Thanks everyone for the info - busy ploughing through it now. Are there any special 'little treasures' in terms of places to see that are either on the Douro or within striking distance of Porto and worth diverting to or spending a night at ?

Thinking, boat trip out, night and dinner somewhere and then train back ?


----------



## canoeman (Mar 3, 2011)

Lovely full size reproduction Caravelle moored at Vila Conde, Barcelos of cockerel fame, Guimaraes worth going to just for the pastries apart from it's historical significance.


----------



## siobhanwf (Mar 20, 2009)

I have signed up for letsbonus here in Portugal. One of the holidays on offer at the moment is a trip on the Duoro Descontos em viagens até 70%. Destinos Leiria - LetsBonus

go to the bottom of the page 


45% Desconto. No Douro, 2 dias para Navegar num Cruzeiro e Sentir as Vindímas. Hotel e Almoços Incluídos
Consiga uma viagem de 339€ por 186€ p/pax!


----------



## MrBife (Jul 26, 2009)

We had an abosolutely excellent week oop North and thought I would post some resources for anyone else researching 

A couple of days visiting Coimbra, Lousa, Gois etc and staying here ...
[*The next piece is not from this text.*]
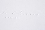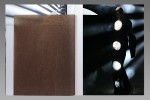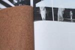 Several types of paper have been used to create this lookbook for Paris-based fashion designer Rick Owens, including a wax-coated kraft. The pages are also trimmed to varying heights and widths. Some spreads are also silkscreen overprinted using a heavy hit of white ink. The covers are white blotter board with a blind debossed logotype.
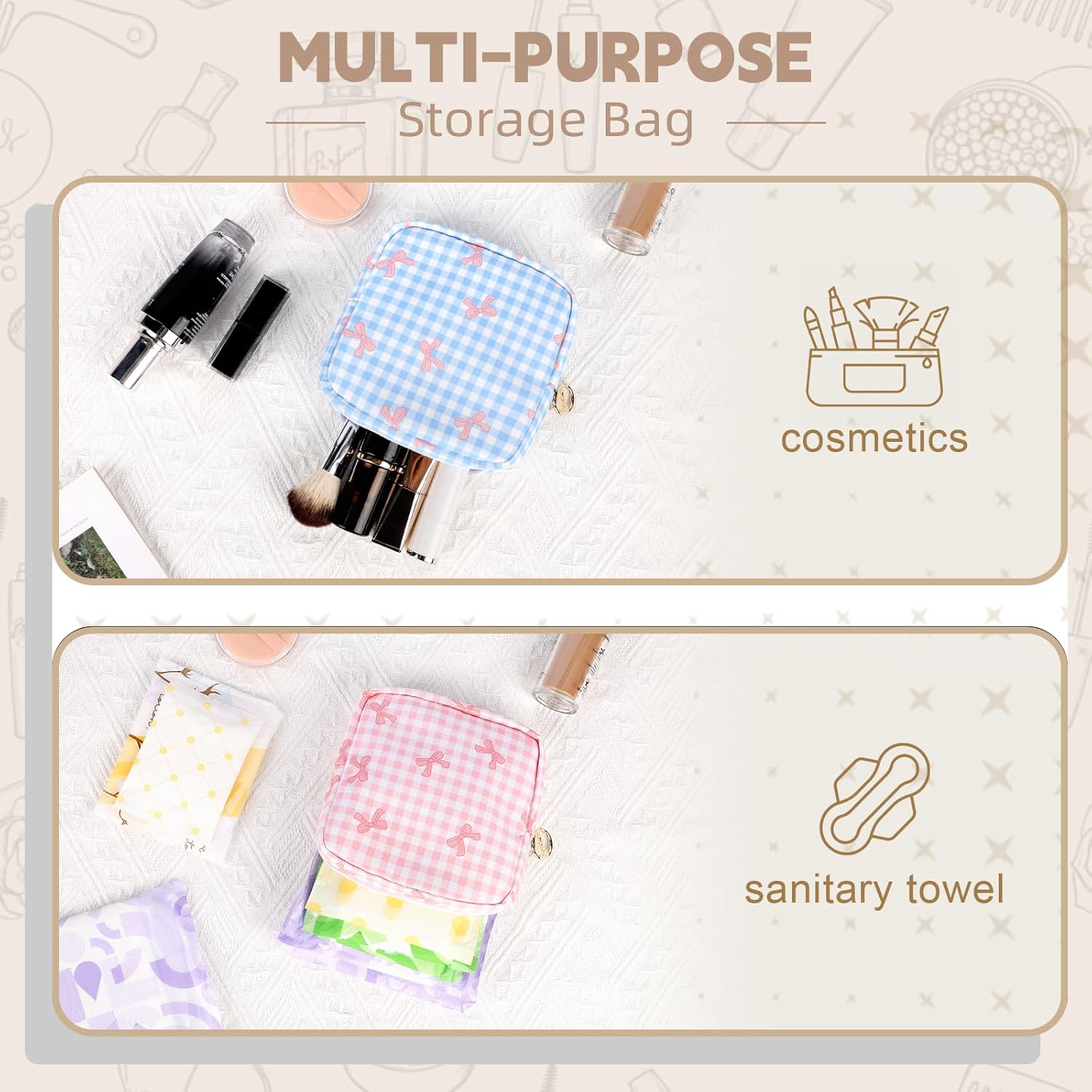 - 【Cute & Colorful Colors】Tampon holder is available in your choice of colorful color and sizes, checkered and bow tie styles gives it a distinctive cute look. Pad storage bag make of canvas fabric, soft, comfortable to touch, easy to clean, no fade

Casa Nas Serras Bed & Breakfast | B&B Portugal | Bed and Breakfast in Portugal | Portugal Hotels | Visiting Portugal | Vacation in Portugal

And the rest of the time in Porto. Didn't manage the overnight Douro trip, only a one hour taster. Will be going back for that one.

Stayed here ...

.: 6ONLY - Guest House :.

Which is heartily recommended and a truly special place if you are visiting Porto


----------



## Maggy Crawford (Sep 18, 2010)

Last year four of us did the Jules Verne Douro cruise and got a discount for not using the airfare which was included for passengers from UK. It is expensive but the boat was superb" from the Douro Azul line, crew excellent, food much better than expected, wine is a bit dear but when the arrangement was to eat ashore in hotels the boat crew brought the wine from the ship and it was included with the meals (saved a huge amount of time with everybody ordering and paying for something different). Maximum number of passengers 50 which is ideal, everybody mixed very well, the shore excursions were brilliant using the coach that followed the boat and several locks are very impressive. All in all, an excellent holiday with very like minded people.


----------